— Extracted information —
---------------

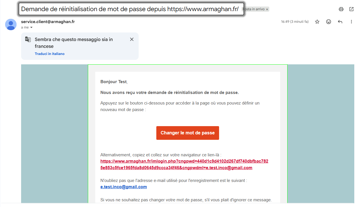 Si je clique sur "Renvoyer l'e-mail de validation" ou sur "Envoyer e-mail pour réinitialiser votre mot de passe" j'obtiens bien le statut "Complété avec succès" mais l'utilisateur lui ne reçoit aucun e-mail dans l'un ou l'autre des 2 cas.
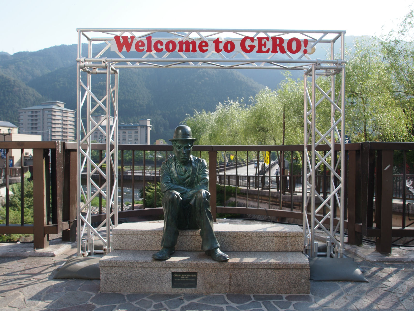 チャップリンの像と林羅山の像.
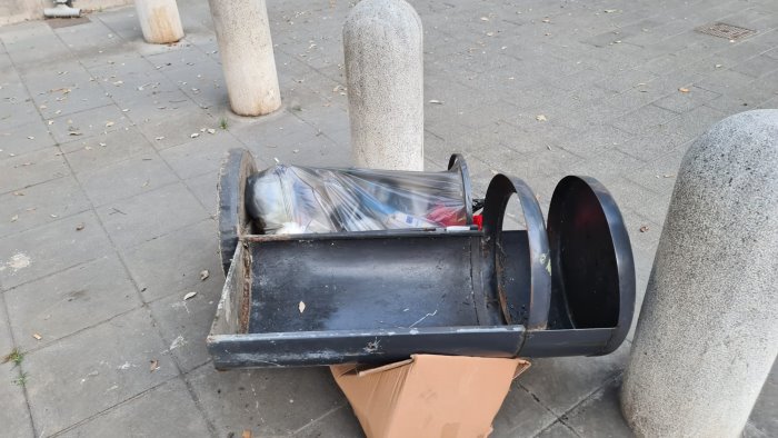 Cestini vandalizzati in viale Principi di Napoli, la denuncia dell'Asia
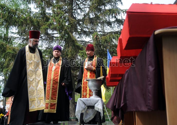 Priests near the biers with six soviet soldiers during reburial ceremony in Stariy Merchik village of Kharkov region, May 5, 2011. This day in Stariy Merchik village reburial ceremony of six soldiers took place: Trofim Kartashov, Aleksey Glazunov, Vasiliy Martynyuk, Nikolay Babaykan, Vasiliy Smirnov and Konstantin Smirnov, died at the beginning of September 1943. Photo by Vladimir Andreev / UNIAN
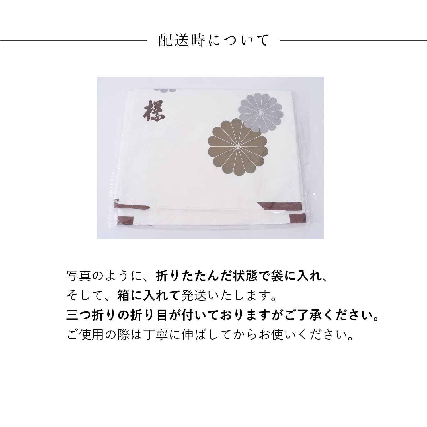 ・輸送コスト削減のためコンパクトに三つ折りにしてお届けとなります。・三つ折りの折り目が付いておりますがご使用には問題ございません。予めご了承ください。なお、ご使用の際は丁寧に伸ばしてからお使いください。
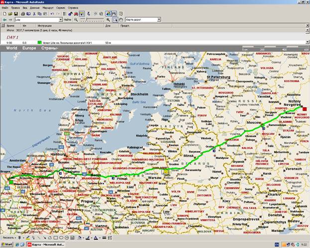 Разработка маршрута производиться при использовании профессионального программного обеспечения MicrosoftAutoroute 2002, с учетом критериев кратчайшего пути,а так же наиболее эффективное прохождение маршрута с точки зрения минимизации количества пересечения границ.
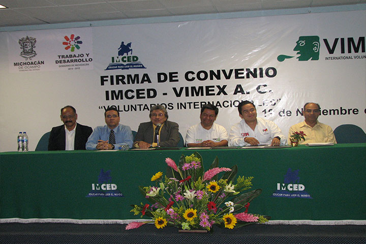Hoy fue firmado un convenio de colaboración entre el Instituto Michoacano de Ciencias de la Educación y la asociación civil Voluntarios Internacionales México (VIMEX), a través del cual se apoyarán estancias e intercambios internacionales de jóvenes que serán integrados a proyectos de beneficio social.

---------------

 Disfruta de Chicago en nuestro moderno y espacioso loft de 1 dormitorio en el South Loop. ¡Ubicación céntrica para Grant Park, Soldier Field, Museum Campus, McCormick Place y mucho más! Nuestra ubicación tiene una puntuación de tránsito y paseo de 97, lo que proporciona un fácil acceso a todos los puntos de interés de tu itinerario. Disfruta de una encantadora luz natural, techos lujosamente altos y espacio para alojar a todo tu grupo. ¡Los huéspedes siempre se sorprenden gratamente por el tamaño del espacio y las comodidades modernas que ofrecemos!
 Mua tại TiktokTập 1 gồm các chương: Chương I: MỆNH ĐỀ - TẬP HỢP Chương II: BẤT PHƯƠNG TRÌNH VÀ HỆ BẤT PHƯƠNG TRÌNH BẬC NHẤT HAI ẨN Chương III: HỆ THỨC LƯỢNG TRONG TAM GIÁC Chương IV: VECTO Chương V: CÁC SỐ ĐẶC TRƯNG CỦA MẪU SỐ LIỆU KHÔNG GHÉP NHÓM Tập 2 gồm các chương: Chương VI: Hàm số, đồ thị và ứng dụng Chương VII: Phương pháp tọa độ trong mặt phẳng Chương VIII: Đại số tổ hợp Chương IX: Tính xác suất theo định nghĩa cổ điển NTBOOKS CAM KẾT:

---------------

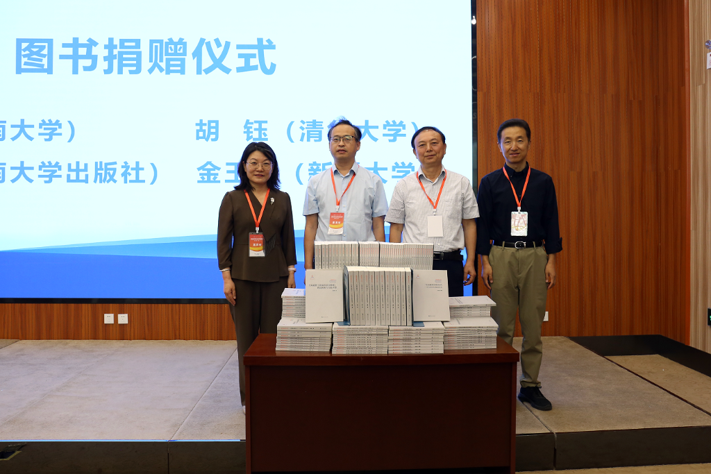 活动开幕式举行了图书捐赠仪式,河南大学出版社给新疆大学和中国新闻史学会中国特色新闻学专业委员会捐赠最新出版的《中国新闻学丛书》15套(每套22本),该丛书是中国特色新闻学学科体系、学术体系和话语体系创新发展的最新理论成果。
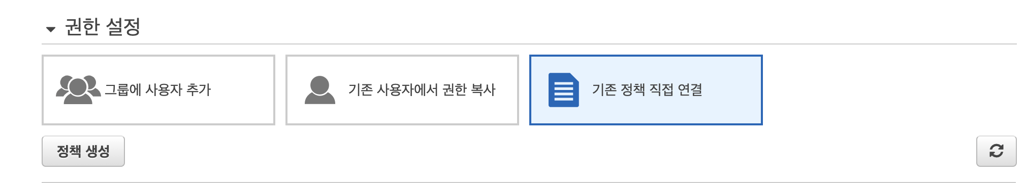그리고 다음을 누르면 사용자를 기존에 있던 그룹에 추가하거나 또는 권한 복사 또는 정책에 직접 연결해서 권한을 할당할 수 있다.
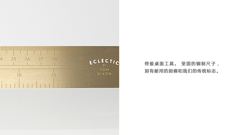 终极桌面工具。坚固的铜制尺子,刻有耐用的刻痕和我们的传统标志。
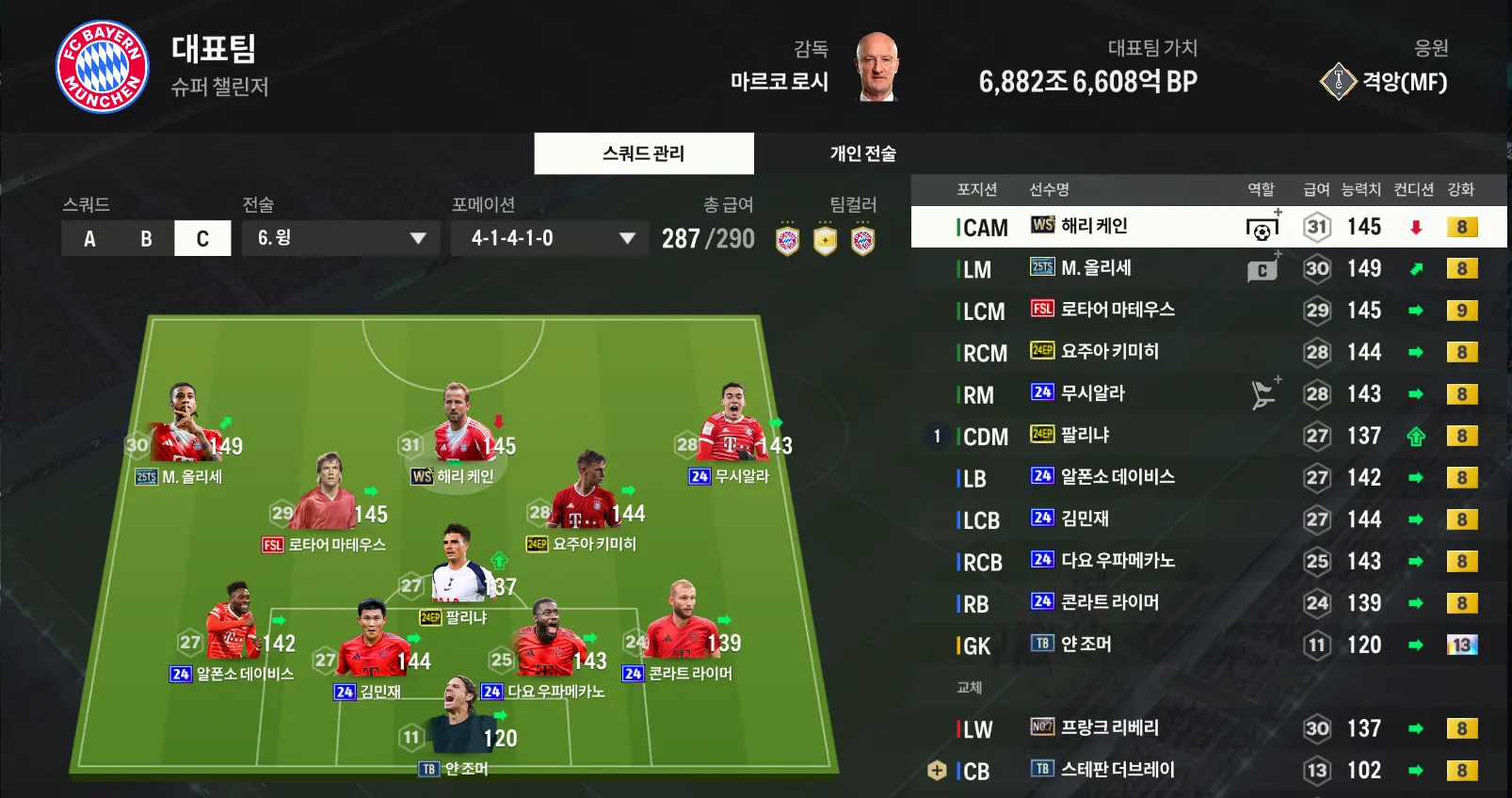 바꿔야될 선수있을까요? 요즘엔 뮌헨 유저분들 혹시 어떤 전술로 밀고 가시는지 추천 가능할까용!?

---------------

— Instructions for the task —
Taking the records above, print only and exactly the lines from the line with "终极桌面工具。坚固的铜制尺子,刻有耐用的刻痕和我们的传统标志。" to the line with "바꿔야될 선수있을까요? 요즘엔", both kept, and exclude pictures.

— Written response —
 终极桌面工具。坚固的铜制尺子,刻有耐用的刻痕和我们的传统标志。
 바꿔야될 선수있을까요? 요즘엔 뮌헨 유저분들 혹시 어떤 전술로 밀고 가시는지 추천 가능할까용!?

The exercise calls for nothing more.